=== The problem ===
Please transcribe exactly, and only, the lines of the data below between the line holding "和牛橫隔膜/北海道馬糞海膽/烏魚子紫蘇鹽" and the line holding "2. اهرسي الباذنجان في وعاء حتى يصبح ناعماً.", inclusive.

=== Entries supplied ===
--- START ---

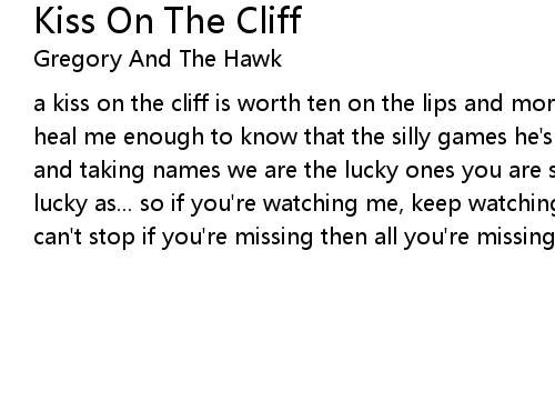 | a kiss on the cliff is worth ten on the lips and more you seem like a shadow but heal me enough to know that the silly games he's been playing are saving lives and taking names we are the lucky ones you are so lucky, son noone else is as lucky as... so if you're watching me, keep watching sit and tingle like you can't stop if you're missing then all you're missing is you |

--- END ---
--- START ---

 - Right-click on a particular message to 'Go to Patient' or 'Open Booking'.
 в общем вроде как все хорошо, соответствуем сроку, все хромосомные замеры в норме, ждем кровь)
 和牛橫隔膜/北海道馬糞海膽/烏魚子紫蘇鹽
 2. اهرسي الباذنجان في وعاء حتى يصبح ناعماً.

--- END ---
--- START ---

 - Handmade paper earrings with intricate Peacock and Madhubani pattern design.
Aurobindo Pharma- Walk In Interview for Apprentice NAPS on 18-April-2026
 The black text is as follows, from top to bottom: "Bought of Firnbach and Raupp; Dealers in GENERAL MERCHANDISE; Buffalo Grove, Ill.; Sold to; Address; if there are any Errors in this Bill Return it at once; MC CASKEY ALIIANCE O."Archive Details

--- END ---

=== Expected answer ===
 和牛橫隔膜/北海道馬糞海膽/烏魚子紫蘇鹽
 2. اهرسي الباذنجان في وعاء حتى يصبح ناعماً.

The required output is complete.